--- MATERIAL PROVIDED ---

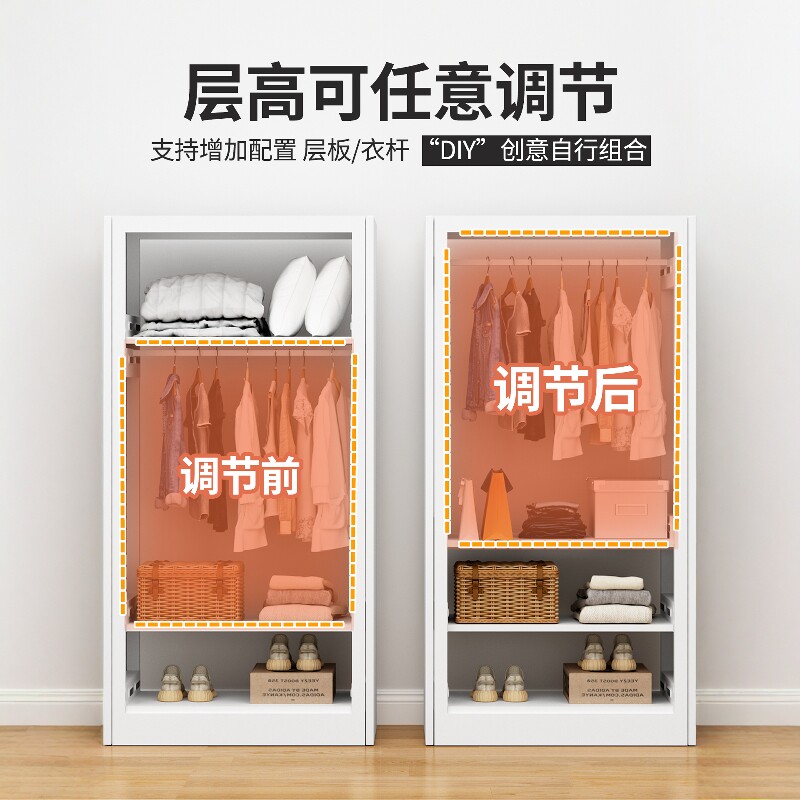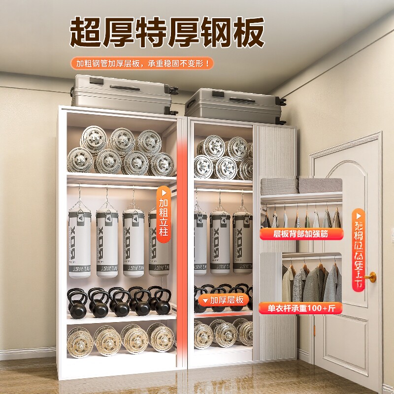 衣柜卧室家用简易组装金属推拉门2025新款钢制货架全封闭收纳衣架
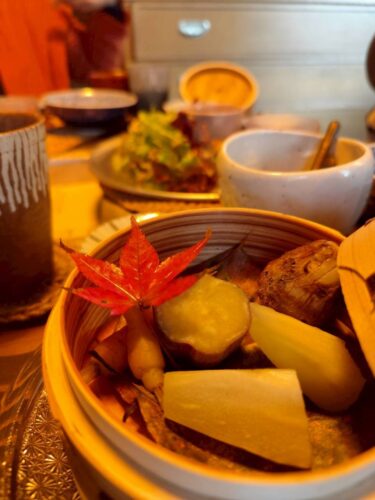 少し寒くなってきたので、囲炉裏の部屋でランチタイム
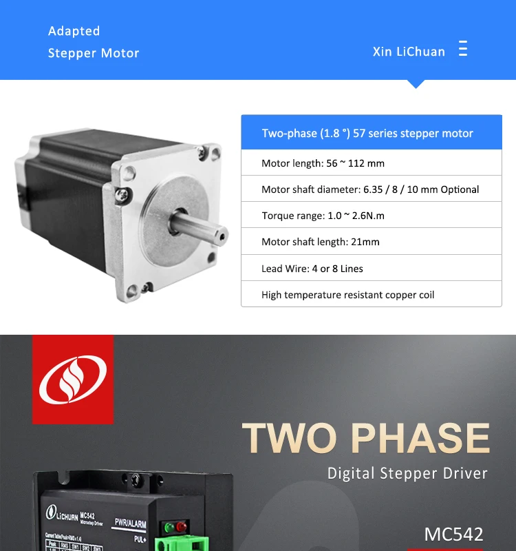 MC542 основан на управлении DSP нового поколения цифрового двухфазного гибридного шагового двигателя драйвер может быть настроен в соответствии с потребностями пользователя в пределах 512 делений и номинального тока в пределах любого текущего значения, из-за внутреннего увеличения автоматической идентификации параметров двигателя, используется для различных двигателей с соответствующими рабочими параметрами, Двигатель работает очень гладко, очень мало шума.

---
--- MATERIAL PROVIDED ---

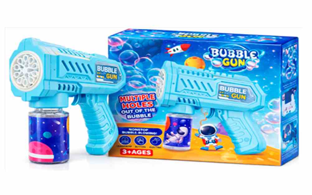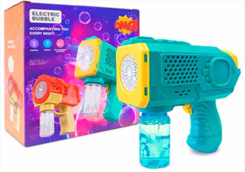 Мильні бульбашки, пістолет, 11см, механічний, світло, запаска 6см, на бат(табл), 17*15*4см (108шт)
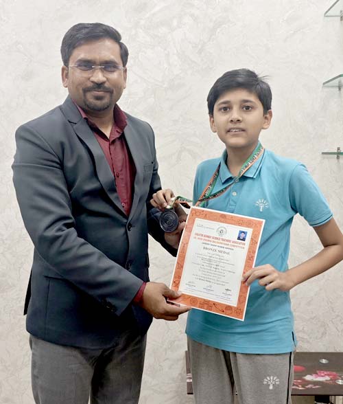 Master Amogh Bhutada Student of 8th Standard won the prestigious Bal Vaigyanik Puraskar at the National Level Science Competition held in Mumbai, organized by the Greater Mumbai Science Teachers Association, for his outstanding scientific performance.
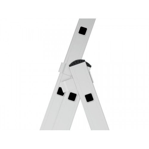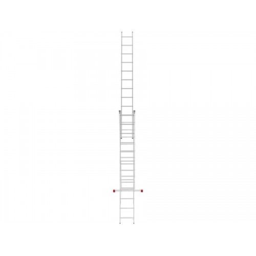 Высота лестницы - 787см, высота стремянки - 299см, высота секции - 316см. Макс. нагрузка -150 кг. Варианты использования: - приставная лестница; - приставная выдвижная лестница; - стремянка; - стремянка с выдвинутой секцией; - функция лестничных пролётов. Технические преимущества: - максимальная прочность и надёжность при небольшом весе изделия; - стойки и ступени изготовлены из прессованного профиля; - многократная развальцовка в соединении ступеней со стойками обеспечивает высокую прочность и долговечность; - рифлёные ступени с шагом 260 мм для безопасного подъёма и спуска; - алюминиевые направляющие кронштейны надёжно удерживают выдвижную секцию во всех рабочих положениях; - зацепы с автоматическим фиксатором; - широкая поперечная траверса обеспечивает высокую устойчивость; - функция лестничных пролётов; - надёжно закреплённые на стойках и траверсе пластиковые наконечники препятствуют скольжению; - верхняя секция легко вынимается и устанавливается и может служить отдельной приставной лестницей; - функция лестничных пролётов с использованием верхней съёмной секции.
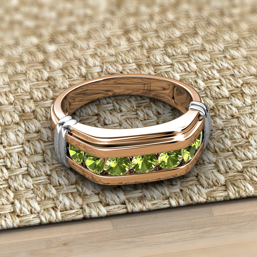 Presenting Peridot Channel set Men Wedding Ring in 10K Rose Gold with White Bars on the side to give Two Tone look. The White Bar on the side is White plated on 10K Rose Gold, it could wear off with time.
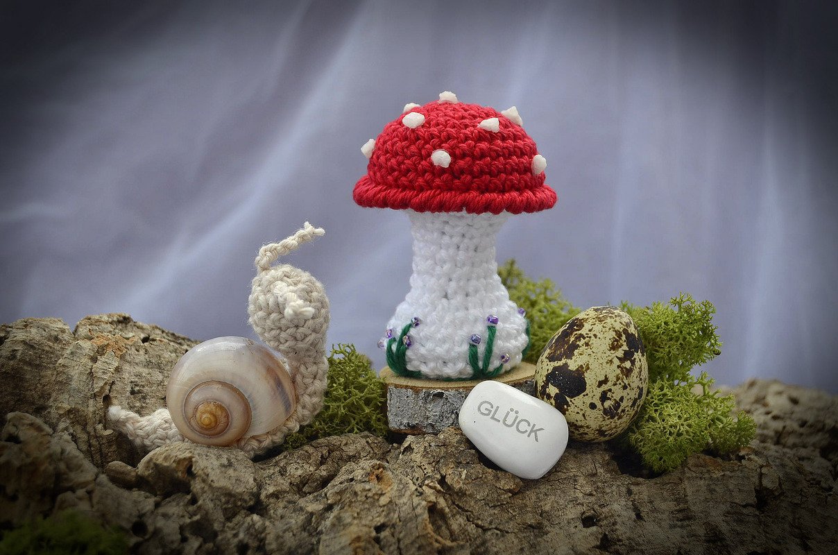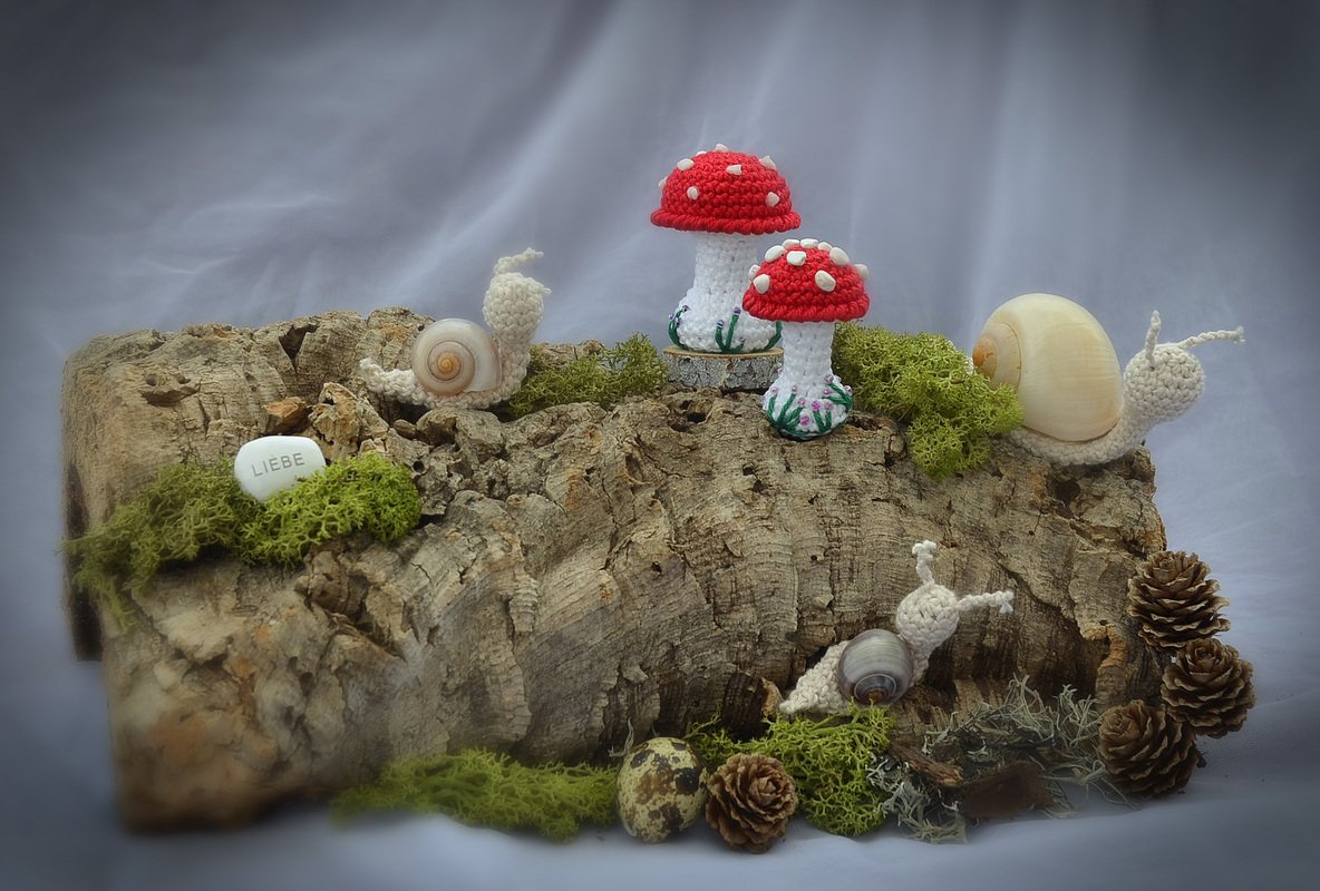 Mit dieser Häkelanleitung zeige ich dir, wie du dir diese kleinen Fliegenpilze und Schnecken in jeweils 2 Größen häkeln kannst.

---
--- MATERIAL PROVIDED ---

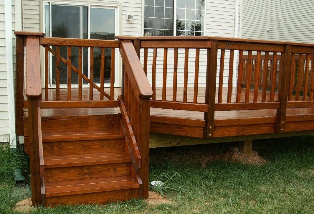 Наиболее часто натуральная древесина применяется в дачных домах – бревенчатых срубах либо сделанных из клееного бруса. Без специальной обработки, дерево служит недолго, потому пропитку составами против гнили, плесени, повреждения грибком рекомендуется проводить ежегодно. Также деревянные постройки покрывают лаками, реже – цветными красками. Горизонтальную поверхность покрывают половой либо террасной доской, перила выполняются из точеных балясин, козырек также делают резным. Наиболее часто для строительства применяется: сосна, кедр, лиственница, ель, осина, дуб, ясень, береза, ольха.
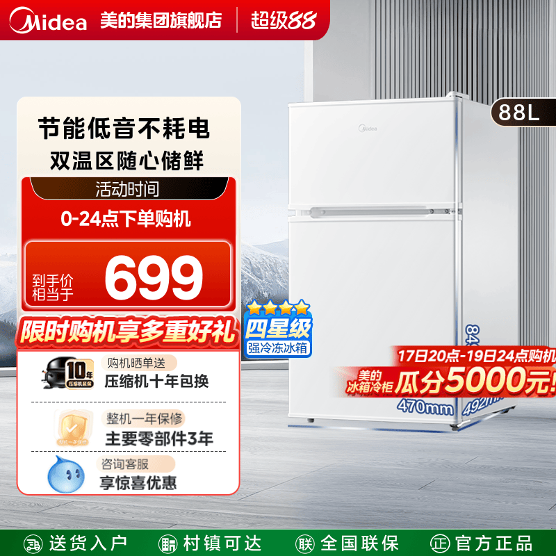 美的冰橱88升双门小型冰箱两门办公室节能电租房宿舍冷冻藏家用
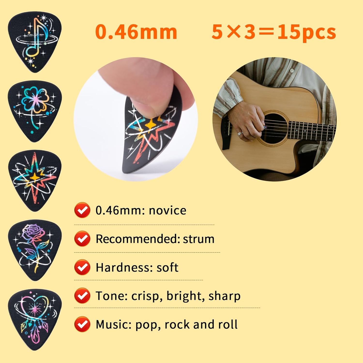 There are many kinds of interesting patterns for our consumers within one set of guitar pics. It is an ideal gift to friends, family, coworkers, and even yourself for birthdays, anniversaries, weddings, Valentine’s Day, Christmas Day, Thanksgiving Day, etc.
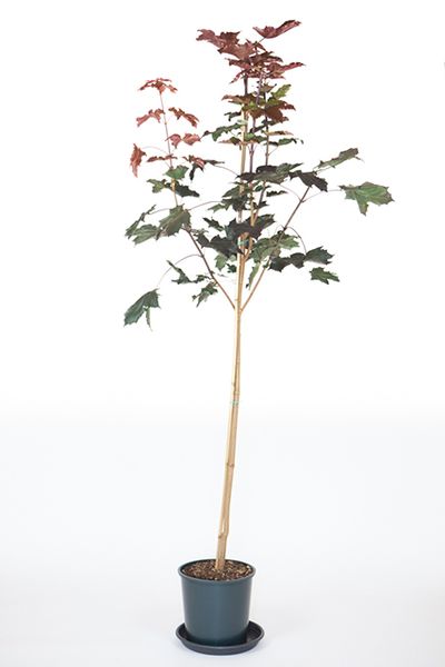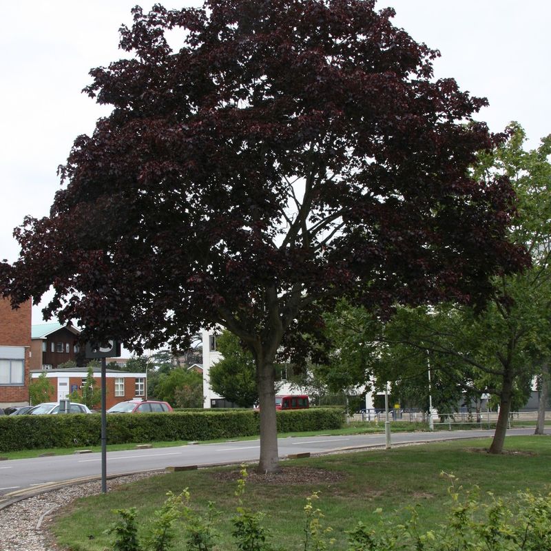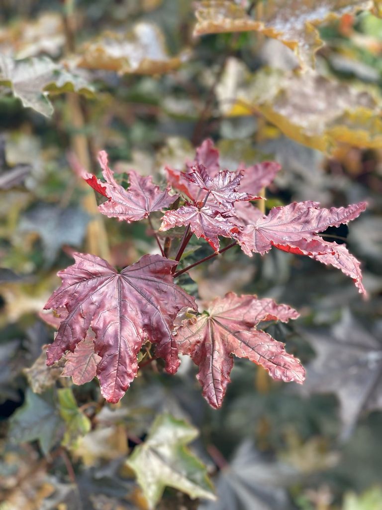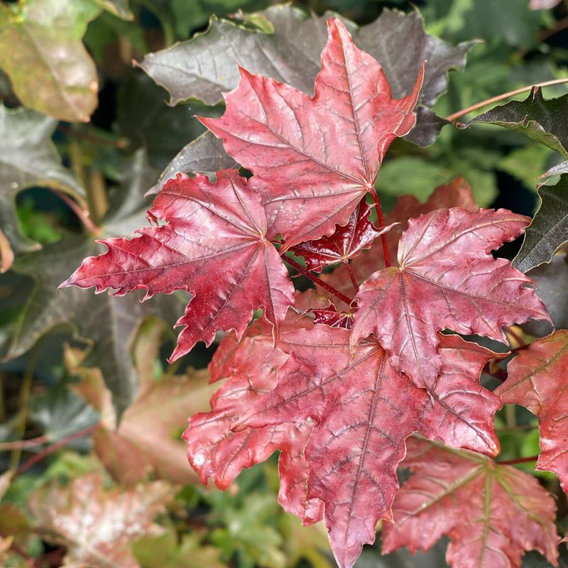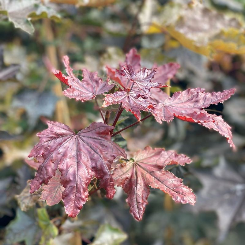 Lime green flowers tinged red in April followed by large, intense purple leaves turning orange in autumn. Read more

---

* _REQUIRED WORK_
A word-for-word reproduction is needed of the lines above from the line containing "Высота лестницы - 787см, высота" through the line containing "Mit dieser Häkelanleitung", with both ends kept and no pictures.

* _TASK OUTPUT_
 Высота лестницы - 787см, высота стремянки - 299см, высота секции - 316см. Макс. нагрузка -150 кг. Варианты использования: - приставная лестница; - приставная выдвижная лестница; - стремянка; - стремянка с выдвинутой секцией; - функция лестничных пролётов. Технические преимущества: - максимальная прочность и надёжность при небольшом весе изделия; - стойки и ступени изготовлены из прессованного профиля; - многократная развальцовка в соединении ступеней со стойками обеспечивает высокую прочность и долговечность; - рифлёные ступени с шагом 260 мм для безопасного подъёма и спуска; - алюминиевые направляющие кронштейны надёжно удерживают выдвижную секцию во всех рабочих положениях; - зацепы с автоматическим фиксатором; - широкая поперечная траверса обеспечивает высокую устойчивость; - функция лестничных пролётов; - надёжно закреплённые на стойках и траверсе пластиковые наконечники препятствуют скольжению; - верхняя секция легко вынимается и устанавливается и может служить отдельной приставной лестницей; - функция лестничных пролётов с использованием верхней съёмной секции.
 Presenting Peridot Channel set Men Wedding Ring in 10K Rose Gold with White Bars on the side to give Two Tone look. The White Bar on the side is White plated on 10K Rose Gold, it could wear off with time.
 Mit dieser Häkelanleitung zeige ich dir, wie du dir diese kleinen Fliegenpilze und Schnecken in jeweils 2 Größen häkeln kannst.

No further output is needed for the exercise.